I am trying to extract the information of exterior color, interior color, transmission respectively from cars.com.

HTML:

<ul class="listing-row__meta">
 <li>
  <strong>
    Ext. Color:
  </strong>
    Gray
 </li>
 <li>
  <strong>
    Int. Color:
  </strong>
    White
 </li>
 <li>
  <strong>
    Transmission:
  </strong>
    Automatic
 </li>

I tried the following code, but it showed 'expected string or bytes-like object'. Any recommendations or solutions will be appreciated.

from bs4 import BeautifulSoup
import urllib
import re

url ='https://www.cars.com/for-sale/searchresults.action/?zc=92617&rd=10&stkTypId=28881&mkId=28263&searchSource=RESEARCH_SHOP_INDEX'
response = requests.get(url)
page = response.text
soup = BeautifulSoup(page, 'lxml')

all_matches = soup.find_all('div',{'class':'shop-srp-listings__listing-container'})

for each in all_matches:

    info=each.findAll('ul',class_='listing-row__meta')
    pattern=re.compile(r'Ext. Color:')
    matches=pattern.finditer(info)
    for match in matches:
        print(match.text)

Upvotes: 1

Views: 857

Answers (4)

QHarr
QHarr

Reputation: 84465

There is absolutely no need for regex here. The html is regular and with bs4 4.7.1 + you can use :contains to target appropriate elements by their text and then next_sibling to get adjacent node containing value. Grab the lists, zip and convert to dataframe

import pandas as pd
import requests
from bs4 import BeautifulSoup as bs

headers = ['Make','Ext','Int','Trans','Drive']
r = requests.get('https://www.cars.com/for-sale/searchresults.action/?zc=92617&rd=10&stkTypId=28881&mkId=28263&searchSource=RESEARCH_SHOP_INDEX')
soup = bs(r.content, 'lxml')
make = [i.text.strip() for i in soup.select('.listing-row__title')]
ext_color = [i.next_sibling.strip() for i in soup.select('strong:contains("Ext.

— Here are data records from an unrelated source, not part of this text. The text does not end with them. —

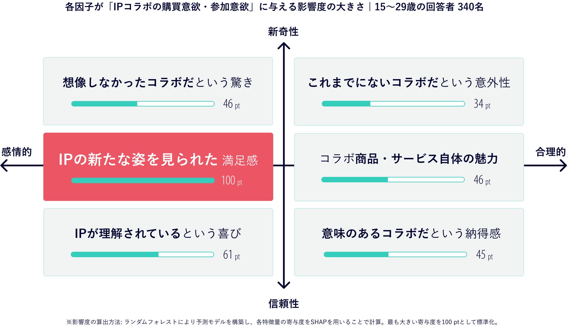 「コラボしている企業やブランドに対しての、愛着の高まり」を特に押し上げるのは【「意味のあるコラボだ」という納得感】でした。若者にとって、企業がIPの世界観や設定を理解し、ファンと同じ「目線」を持っていると感じられると、それが企業への信頼につながります。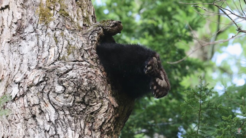 Он услышал странный звук издалека и начал идти к его источнику. Оказалось, что звук исходит от дерева. В этом дереве находилось дупло, а из дупла торчали две пушистые черные лапы. Мужчина сразу понял, что перед ним находится мишка. Сначала он не мог догадаться, что так заинтересовало косолапого, но потом все встало на свои места. Мишка забрался на дерево, чтобы поискать в дупле мед, но, к сожалению, меда там не оказалось. Расстроенный неудачей зверь спустился с дерева и постарался побыстрее вернуться на тропинку. А вы когда-нибудь видели медведей в дикой природе своими глазами?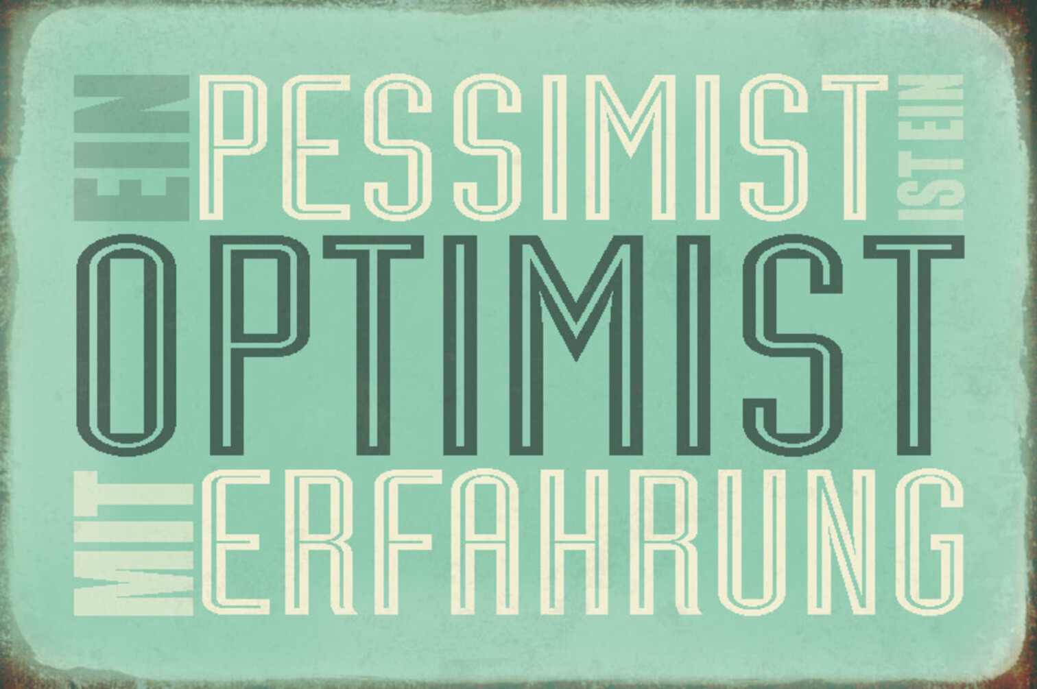 Schild Spruch Ein Pessimist ist ein Optimist mit Erfahrung JW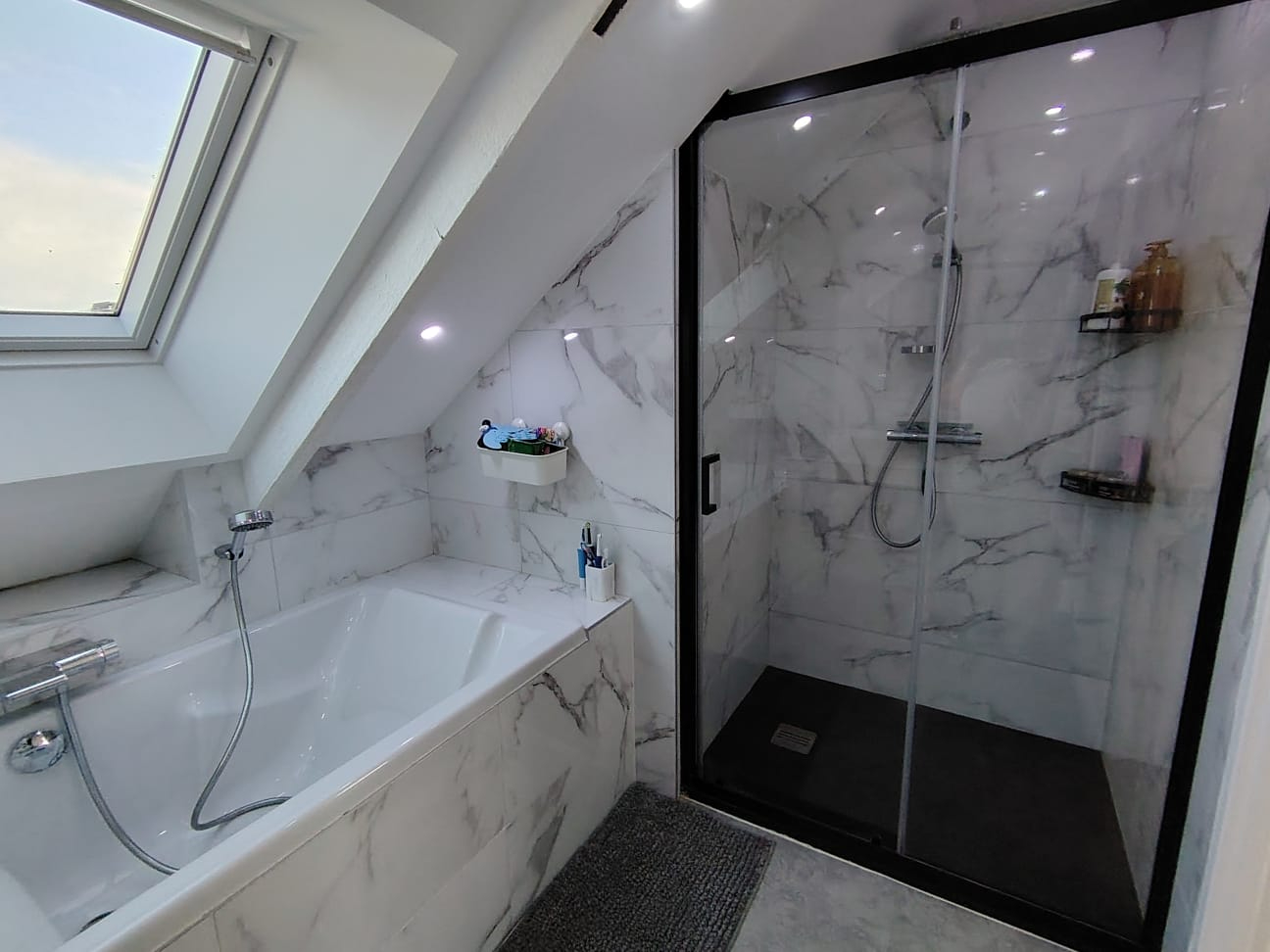 À l'étage, l'espace nuit se compose de trois chambres, dont une avec salle d'eau privative, d'une pièce polyvalente pouvant accueillir un bureau ou une salle de jeux, ainsi que d'une spacieuse salle de bains équipée d'une baignoire et d'une douche. Un WC séparé complète ce niveau.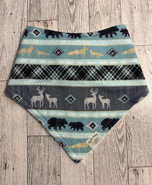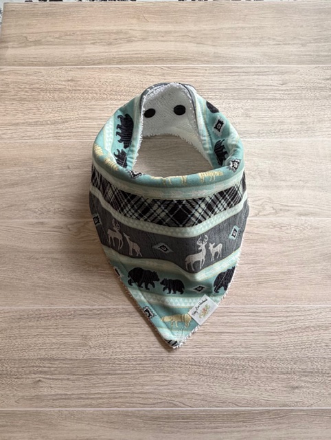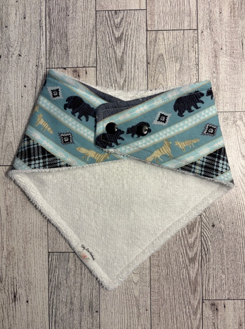 These adorable trendy little bandana bibs ae made with 100% cotton on the front and 100% cotton terrycloth on the back. They are very soft and super absorbent for all the little drools. Approx 17"X 8.5" from side to side and top to bottom. I used double Kam Snaps for adjustable sizing. These bibs can be machine washed and low heat also can be pressed if needed. Always wash baby items before using. Caregivers assumes all responsibility for use of any of these baby products.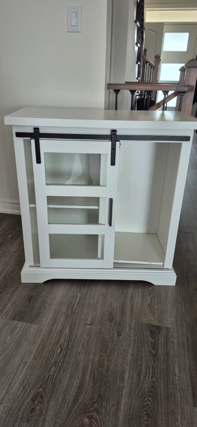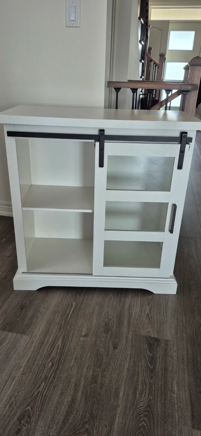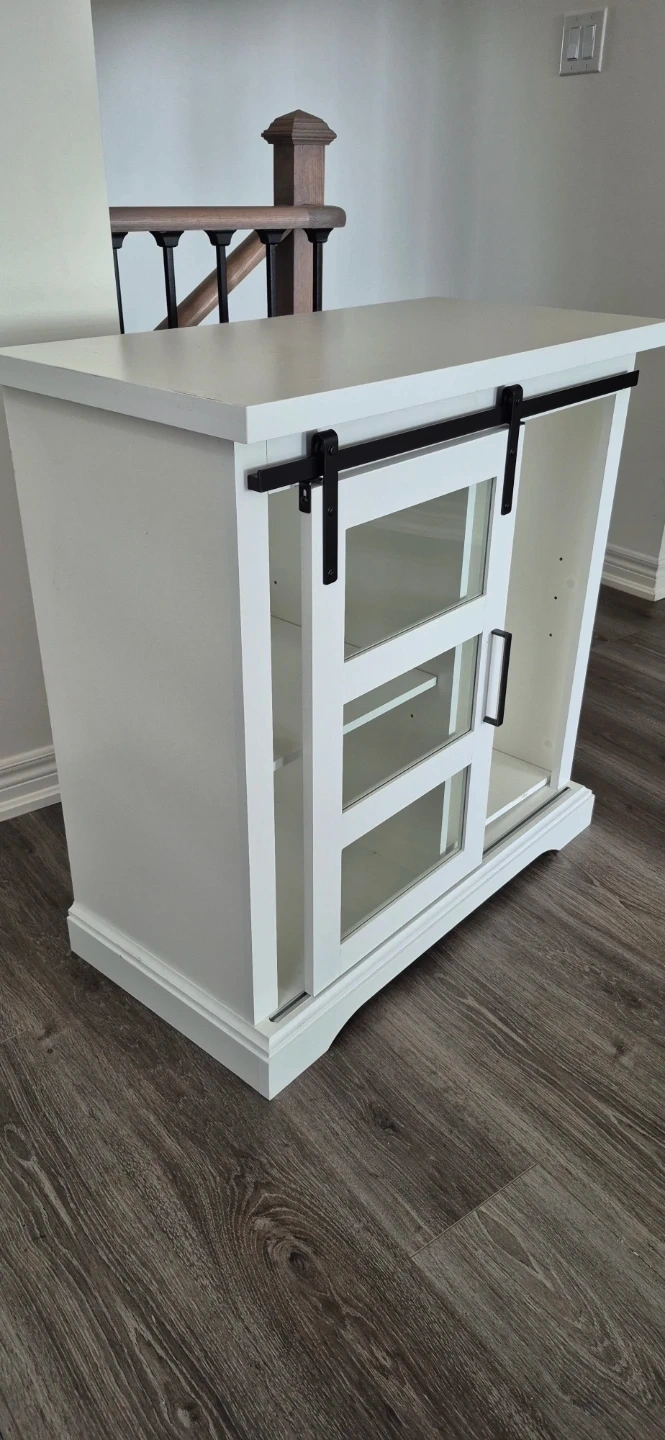 This white cabinet features sliding barn doors with glass panes, perfect for displaying items. It has three interior shelves on one side and an open storage area on the other with optional division. It's a stylish piece for any room!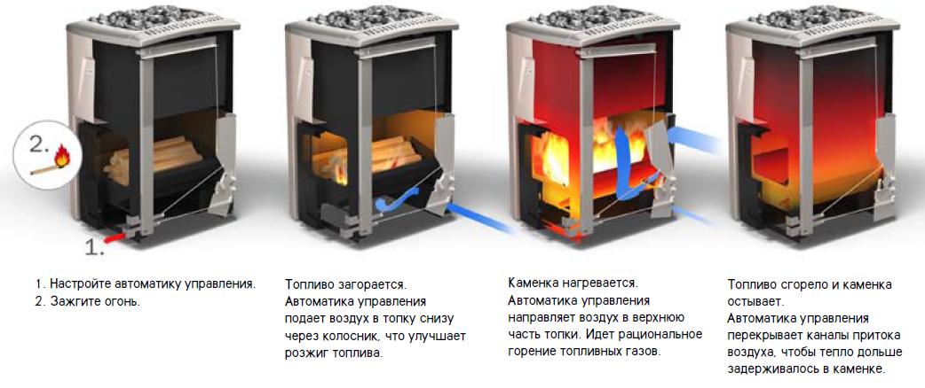 Запатентованная автоматическая система управления каменки GreenFlame направляет необходимый для горения воздух в нужное место в нужное время. Дерево горит дольше, выделяет меньше вредных веществ, а эффективность сжигания поддерживается на максимальном уровне. Стенки топки охлаждаются поступающим в зону горения воздухом, что продлевает срок службы каменки GreenFlame.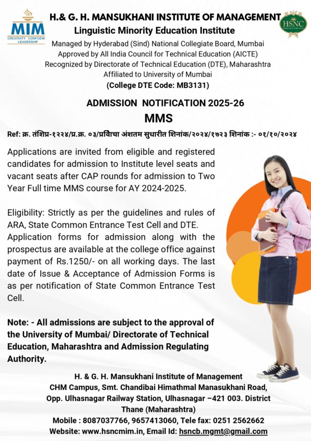 At H.&G.H. Mansukhani Institute of Management, we take immense pride in being a constituent of the illustrious Hyderabad (Sind) National Collegiate Board (HSNCB) — an educational trust that has for decades nurtured intellect, discipline, and leadership rooted in Indian values and global vision.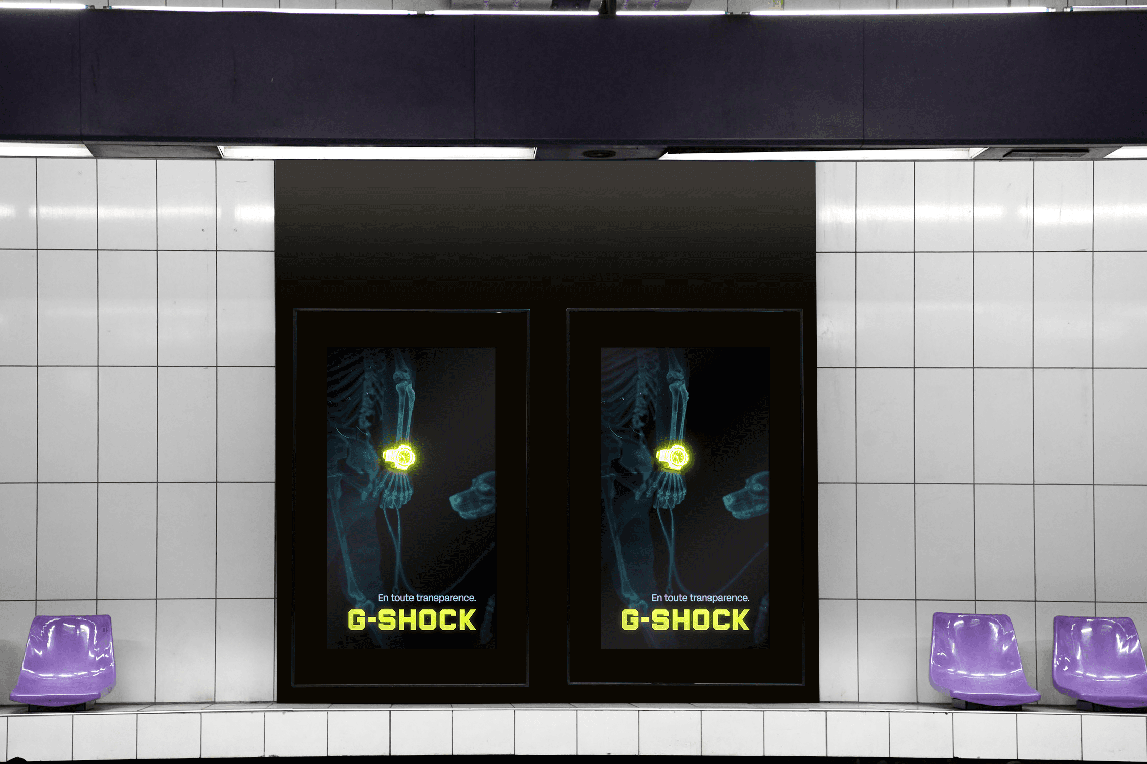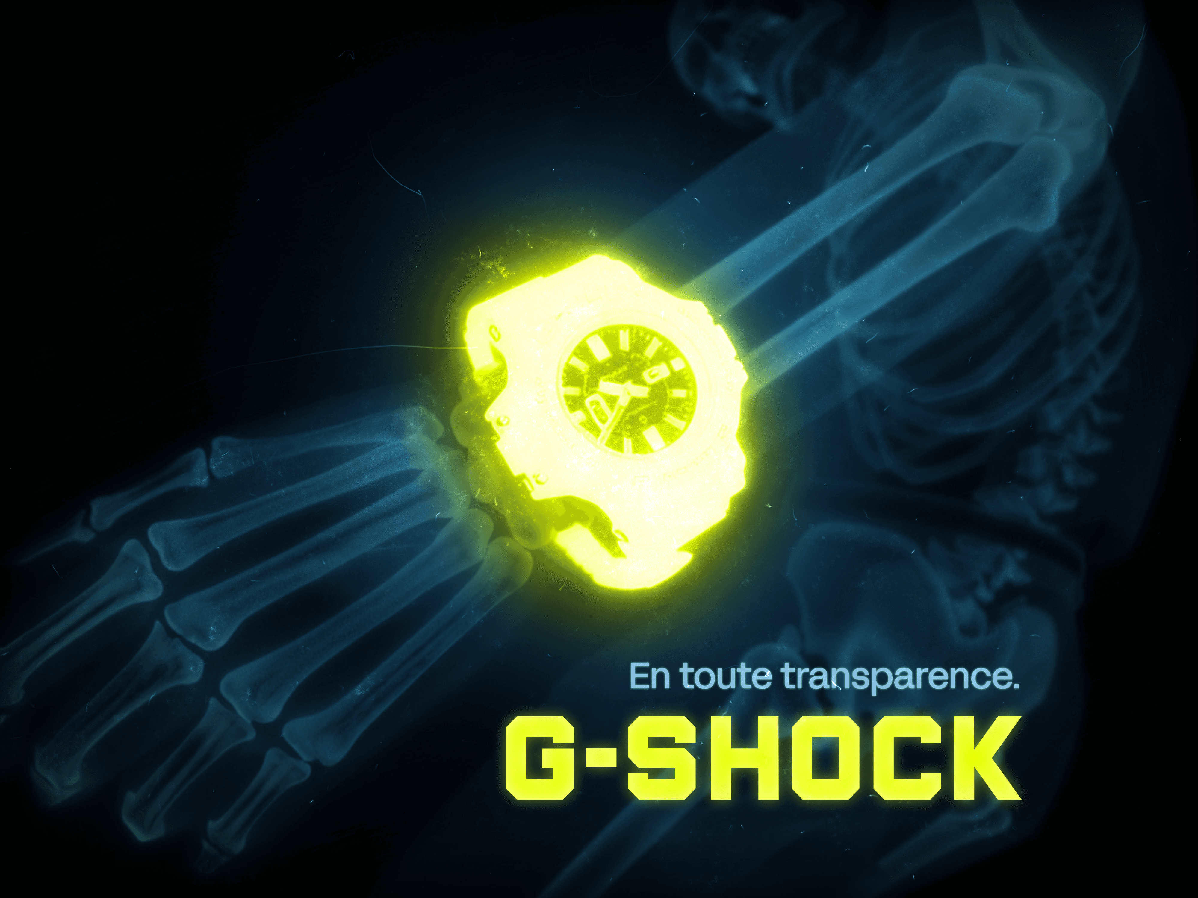 G-Shock est le point de départ d’un projet fictif explorant la question de l’authenticité à travers une campagne centrée sur la lutte contre les contrefaçons. J’ai imaginé un langage visuel basé sur l’esthétique du rayon-X, révélant le squelette humain tout en laissant la montre intacte, comme un symbole d’authenticité absolue.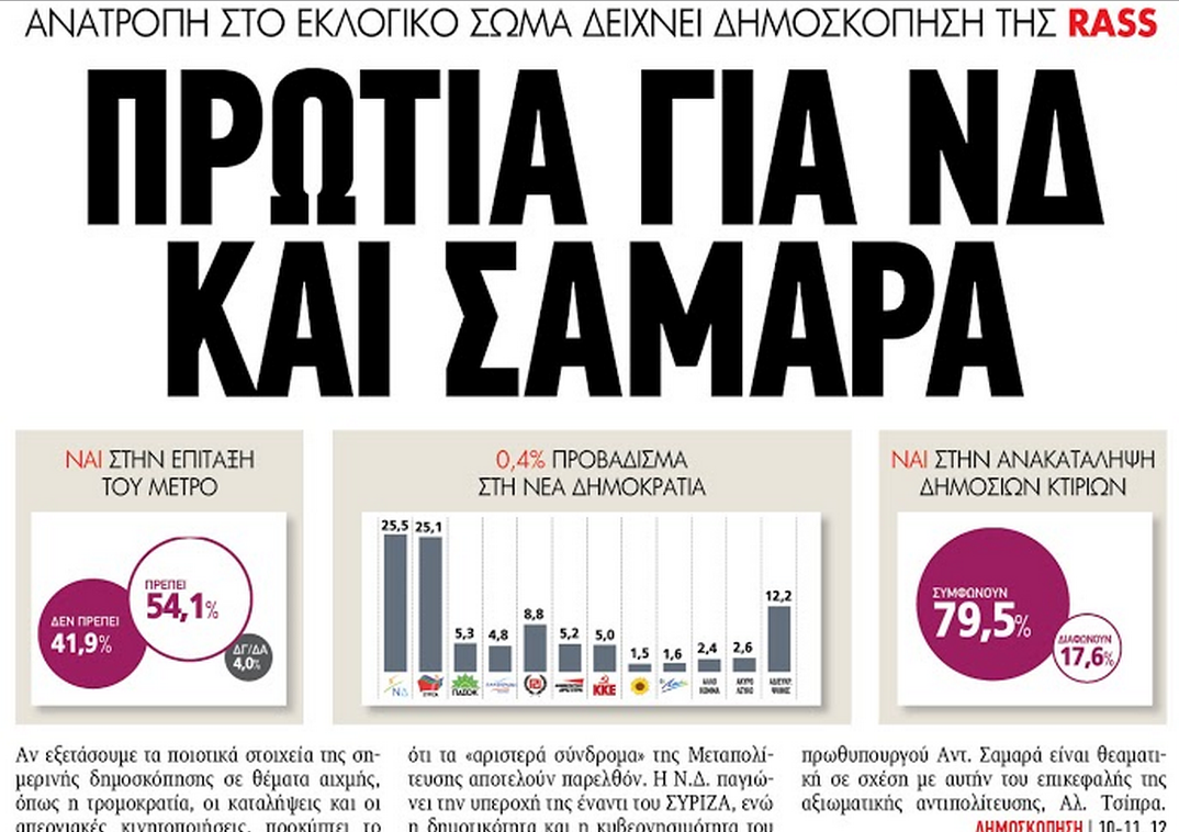 Δημοσκόπηση RASS για Τύπο της Κυριακής.

Color:")')]
int_color = [i.next_sibling.strip() for i in soup.select('strong:contains("Int. Color:")')]
transmission = [i.next_sibling.strip() for i in soup.select('strong:contains("Transmission:")')]
drive = [i.next_sibling.strip() for i in soup.select('strong:contains("Drivetrain:")')]
df = pd.DataFrame(zip(make, ext_color, int_color, transmission, drive), columns = headers)
print(df)

Upvotes: 0

Emma
Emma

Reputation: 27743

Maybe, this would be a bit closer to what you might be trying to extract, I guess, with an expression similar to:

(?is)<strong>\s*([^<]*?)\s*<\/strong>

or,

(?is)(?<=<strong>)\s*[^<]*?\s*(?=<\/strong>)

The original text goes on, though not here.